Big storms and fracking: what's at stake?

Here in Washington, D.C. the winds are fast, furious, and loud as we await the brunt of Hurricane Sandy. Winds have been clocked up to 90 mph as the storm hits land with the lowest pressure ever recorded in the northeast. Images of a crane dangling off a Manhattan skyscraper are as scary as the reports that flooding will occur as far north as Vermont and New Hampshire.

West Virginia, Pennsylvania, and eastern Ohio are all expected to be hit by the storm. What could it mean for fracking sites in the Marcellus shale?

One of the greatest risks at these sites are spills and what is called "stormwater runoff." 

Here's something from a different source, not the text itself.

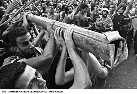 В ночь на субботу группа людей, ранее принимавших участие в антиизраильской манифестации, ворвалась в здание посольства Израиля в Каире. Несколько сотрудников миссии были вынуждены забаррикадироваться в помещениях посольства, пока их не вызволил египетский спецназ.

Under the Clean Water Act, there is something called the Spill Prevention, Control, and Countermeasure (SPCC) rule which includes requirements for oil spill prevention, preparedness, and response to prevent oil discharges to navigable waters and adjoining shorelines. The rule requires specific facilities to prepare, amend, and implement spill prevention plans. Sounds like a no-brainer. But in Fiscal Year 2011, EPA officials visited 120 sites oil and gas development sites and found 105 were out of compliance-- 87.5%. (Note: these do not have to be oil production sites. For example, natural gas pads may have enough fuel for drill rigs stored on site to trigger this requirement.)

Almost every single oil and gas site inspected lacked a mandatory spill prevention plan meant to protect our rivers and streams. This is an unacceptable flouting of our environmental laws.

In addition to a spill prevention plan, oil and gas companies should have something called a Storm Water Pollution Prevention Plan. During a rainstorm, flowing water can pick up pollutants along the way, including toxic materials like fracking chemicals or fracking waste. Most companies are required by the Clean Water Act to get a stormwater permit by submitting a Storm Water Pollution Prevention Plan outlining precautions the company will take to avoid illegal discharge of pollutants and impacts to nearby rivers and streams. Ensuring prevention of stormwater run-off is not rocket science. It requires simple measures such as sufficient berms and containment systems. But the oil and gas industry is exempt from having to get a permit for uncontaminated stormwater discharges, which means regulators do not have to approve a pollution prevention plan--or even see if a company really has one for each site.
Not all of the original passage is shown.